Question

What are the valid runtime bounds for the method mystery with respect to argument n? Select all that apply.

public static int mystery(int n) {
    for (int i = 1; i < n; i = i + i) {
        for (int j = 0; j < i; j++) {
            for (int k = 0; k < n; k++) {
                f0(n);
            }
        }
    }
    return -1;
}
public static void f0(int n) {
    int[] arr = new int[200];
    for (int i = 0; i < 200; i++) {
        arr[i] = i;
    }
}

Answer 1

Solution:

Explanation:

mystery function:

=>We can see in the function mystery(int n) there are three loops.
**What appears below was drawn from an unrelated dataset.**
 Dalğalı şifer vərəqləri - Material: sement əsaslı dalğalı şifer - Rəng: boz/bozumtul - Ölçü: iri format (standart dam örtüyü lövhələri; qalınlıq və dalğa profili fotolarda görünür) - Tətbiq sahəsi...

=>Outer for loop is independent loop and will run logn times from i = 1 to i < n doubling the value of i each time.

=>Middle for loop is dependent for loop which is depending upon outer for loop and will run from j = 0 to j < i incrementing the value of j by 1 each time.

=>Inner for loop is independent for loop and will run n times from k = 0 to k = n-1 incrementing the value of k by 1 each time.
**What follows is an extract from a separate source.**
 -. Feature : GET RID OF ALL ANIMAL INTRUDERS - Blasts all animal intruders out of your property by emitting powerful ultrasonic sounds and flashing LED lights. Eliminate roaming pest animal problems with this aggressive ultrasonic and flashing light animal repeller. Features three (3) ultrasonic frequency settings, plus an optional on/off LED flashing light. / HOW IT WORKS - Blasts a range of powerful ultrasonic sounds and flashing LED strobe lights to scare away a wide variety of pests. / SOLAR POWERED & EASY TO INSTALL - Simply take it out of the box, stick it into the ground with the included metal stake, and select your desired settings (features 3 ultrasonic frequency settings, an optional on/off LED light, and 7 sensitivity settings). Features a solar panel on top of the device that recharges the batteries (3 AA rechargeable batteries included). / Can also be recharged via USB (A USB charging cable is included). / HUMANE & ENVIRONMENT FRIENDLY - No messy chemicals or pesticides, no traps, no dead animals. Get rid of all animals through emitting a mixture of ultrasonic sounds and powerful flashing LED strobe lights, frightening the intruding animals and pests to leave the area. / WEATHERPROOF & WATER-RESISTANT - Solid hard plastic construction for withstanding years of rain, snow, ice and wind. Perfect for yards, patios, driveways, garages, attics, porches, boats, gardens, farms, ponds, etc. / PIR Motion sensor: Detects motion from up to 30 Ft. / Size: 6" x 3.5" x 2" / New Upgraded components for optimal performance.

=>After all loops f0(n) functions is called.

fo(n) function:

=>In f0 function there is only one for loop which is running 200 times from i = 0 to i = 199 incrementing the value of i by 1 each time.
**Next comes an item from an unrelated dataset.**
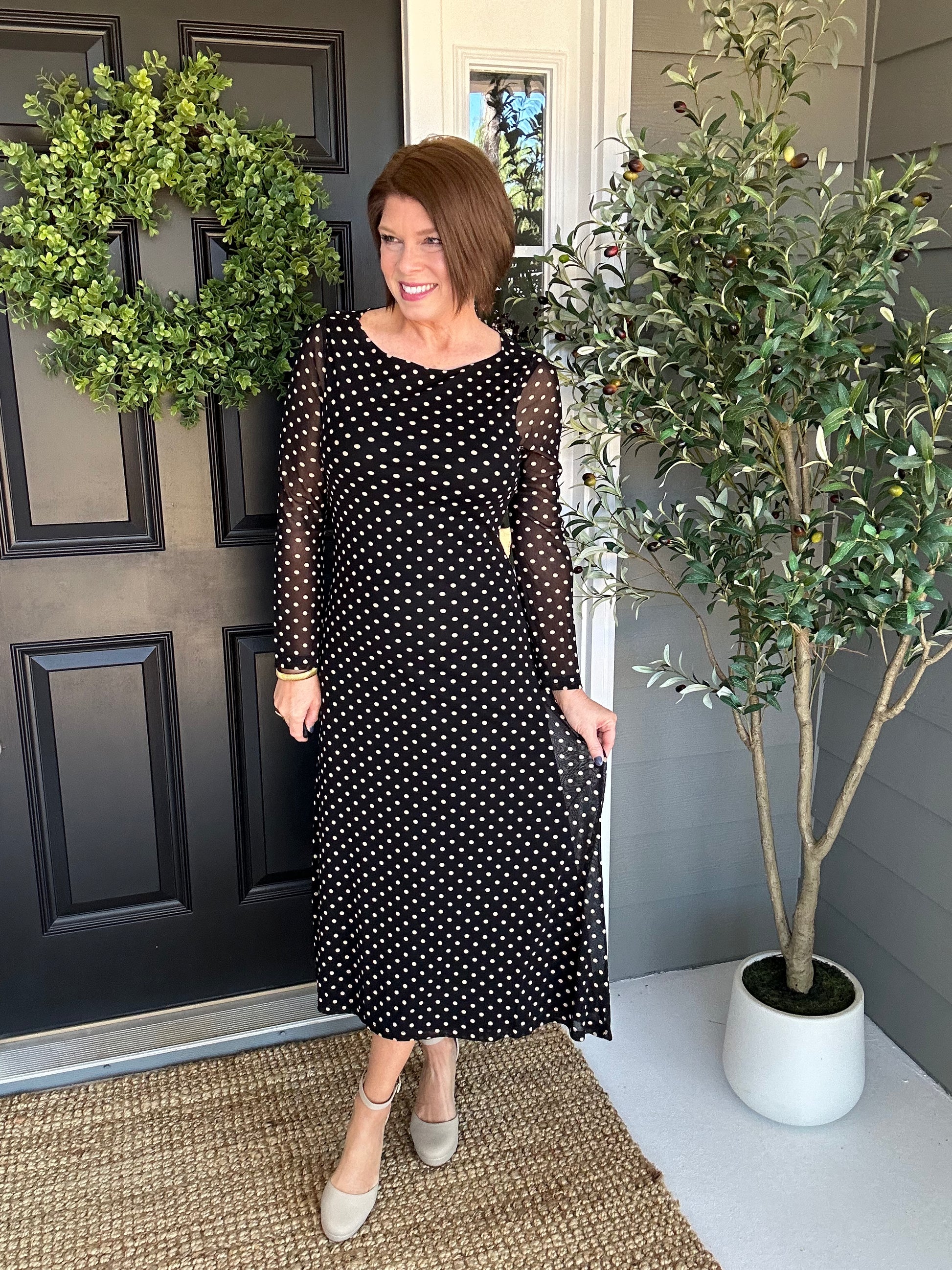 Elevate your wardrobe with this charming Bambi Dot Midi dress, featuring a flattering scoop back with adjustable tie detail. The semi-sheer fabric is beautifully lined for comfort and confidence, while delicate light mocha polka dots dance across a classic black base. A convenient side zipper ensures effortless dressing. Perfect for the holidays, church, date nights, brunch, or any occasion calling for understated elegance with a playful twist.Â

=>Hence total number of times loop will be executed in f0 functions = 200 times.

=>Time complexity of f0 function = O(1)

Calculating overall time complexity:

=>Two for loops in mystery() function will be executed like: if i = 1 then middle loop will run only once, if i = 2 then middle loop will run twice, if i = 4 then middle loop will run 4 time and if i = 2^k where k is some constant then middle loop will run 2^k times.

=>Total number of time outer and middle loops will be executed = 1+ 2 + 4 + 8 + ... + 2^k where 2^k < n

=>Total number of time outer and middle loops will be executed = 1*(2^(k+1) - 1)

=>Total number of time outer and middle loops will be executed = 2*2^k - 1...(1)

=Let say 2^k = n (nearly equal)

=>k = log₂(n)...(1)

From (1) and (2)

=>Total number of time outer and middle loops will be executed = 2*2^log₂(n) - 1

=>Total number of time outer and middle loops will be executed = 2n - 1

=>Inner loop will run n times whenever it is executed so total number of times all loops will be executed = (2n-1)*n

=>Total number of times including f0 = (2n-1)*n*200

=>Time complexity = O(n^2)

I have explained each and every part with the help of statements attached to it.